The iron lung now has a marginal place in modern respiratory therapy. Most patients with paralysis of the breathing muscles use modern mechanical ventilators that push air into the airway with positive pressure. These are generally efficacious and have the advantage of not restricting patients' movements or caregivers' ability to examine the patients as significantly as an iron lung does. However, negative pressure ventilation is a truer approximation of normal physiological breathing and results in more normal distribution of air in the lungs. It may also be preferable in certain rare conditions, such as central hypoventilation syndrome, in which failure of the medullary respiratory centers at the base of the brain results in patients having no autonomic control of breathing. At least one reported polio patient, Dianne Odell, had a spinal deformity that caused the use of mechanical ventilators to be contraindicated. There are patients who today still use the older machines, often in their homes, despite the occasional difficulty of finding the various replacement parts. Joan Headley of Post-Polio Health International said that as of May 28, 2008, there were about 30 patients in the U.S. still using an iron lung. That figure may be inaccurately low; Houston alone had 19 iron lung patients living at home in 2008. Martha Mason of Lattimore, North Carolina, died on May 4, 2009, after spending 60 of her 72 years in an iron lung.

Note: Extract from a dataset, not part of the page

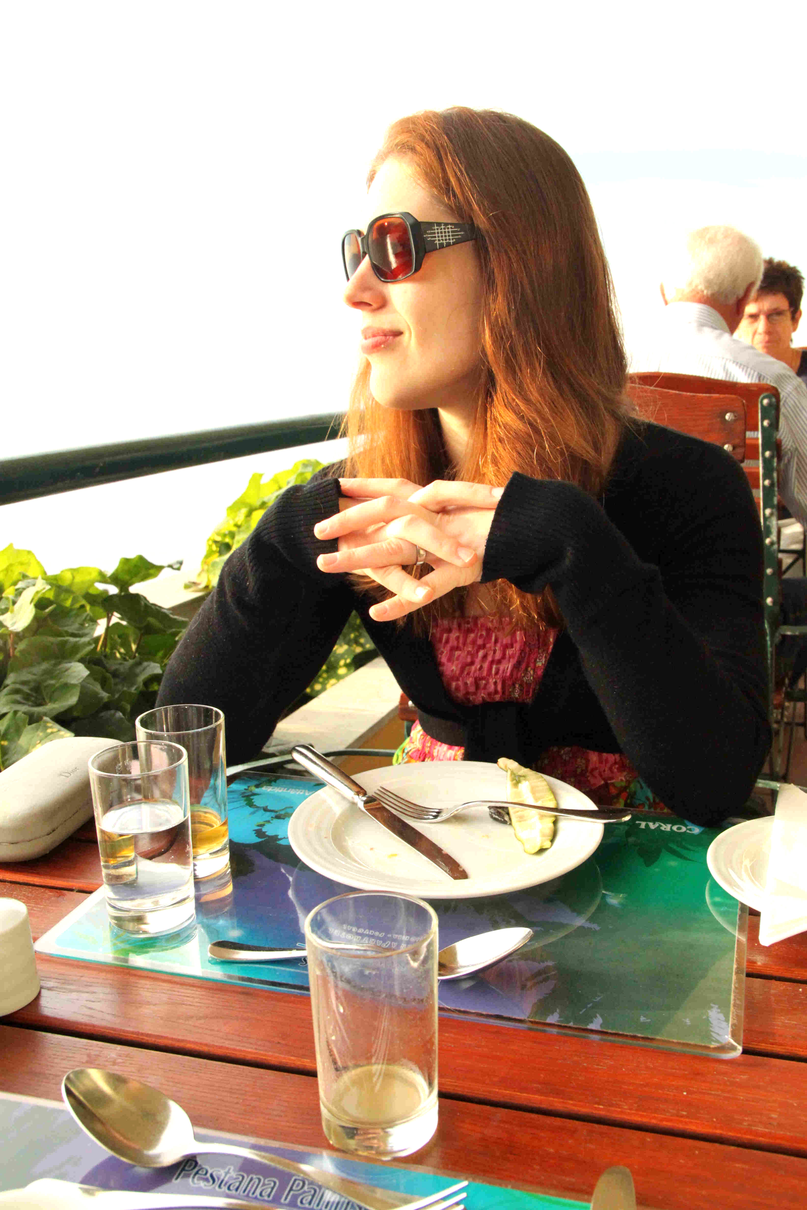 Aamiainen aamuauringossa merinäköalalla.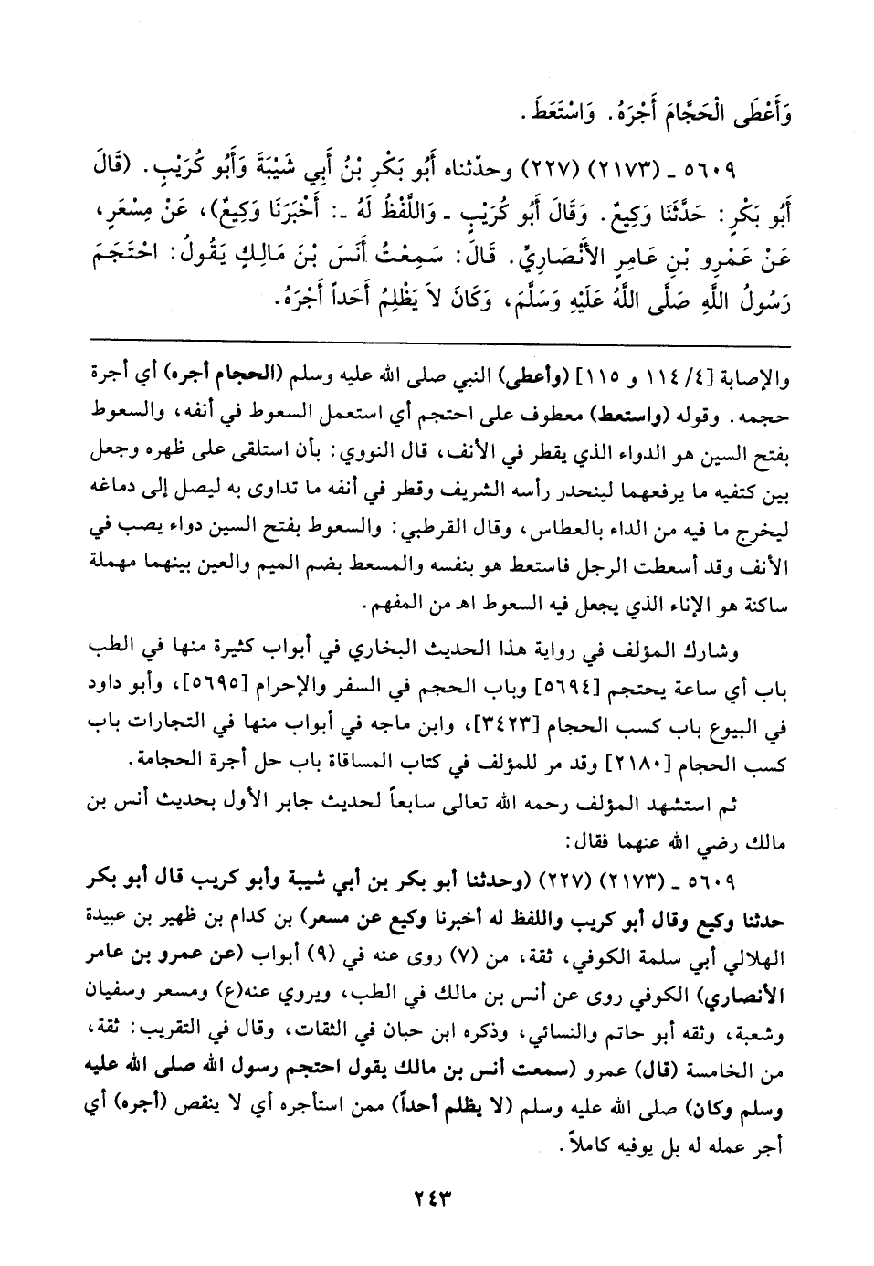 ٥٦٠٩ - (٢١٧٣) (٢٢٧) وحدَّثناه أَبُو بَكْرٍ بْنُ أَبِي شَيبَةَ وَأَبُو كُرَيبٍ. (قَال أَبُو بَكْرٍ: حَدَّثَنَا وَكِيعٌ. وَقَال أَبُو كُرَيبٍ - وَاللَّفْظُ لَهُ -: أَخْبَرَنَا وَكِيعٌ)، عَنْ مِسْعَرٍ، عَنْ عَمْرِو بْنِ عَامِرٍ الأَنْصَارِيُّ. قَال: سَمِعْتُ أَنَسَ بْنَ مَالِكٍ يَقُولُ: احْتَجَمَ رَسُولُ اللهِ صَلَّى اللهُ عَلَيهِ وَسَلَّمَ، وَكَانَ لَا يَظْلِمُ أَحَدًا أَجْرَهُ

On October 30, 2009, June Middleton of Melbourne, Australia, who had been entered in the Guinness Book of Records as the person who spent the longest time in an iron lung, died aged 83, having spent more than 60 years in her iron lung.
Biphasic cuirass ventilation
Biphasic cuirass ventilation (BCV) is a modern development of the iron lung, consisting of a wearable rigid upper-body shell (a cuirass) which functions as a negative pressure ventilator. The ventilation is biphasic because the cuirass is attached to a pump which actively controls both the inspiratory and expiratory phases of the respiratory cycle. This method is a modern improvement of 'negative pressure ventilation' (NPV), which could only control inspiratory breathing, relying on passive recoil for exhalation. BCV was developed by Dr Zamir Hayek, a pioneer in the field of assisted ventilation. Some of Dr Hayek's previous inventions include the Hayek Oscillator, an early form of the technology.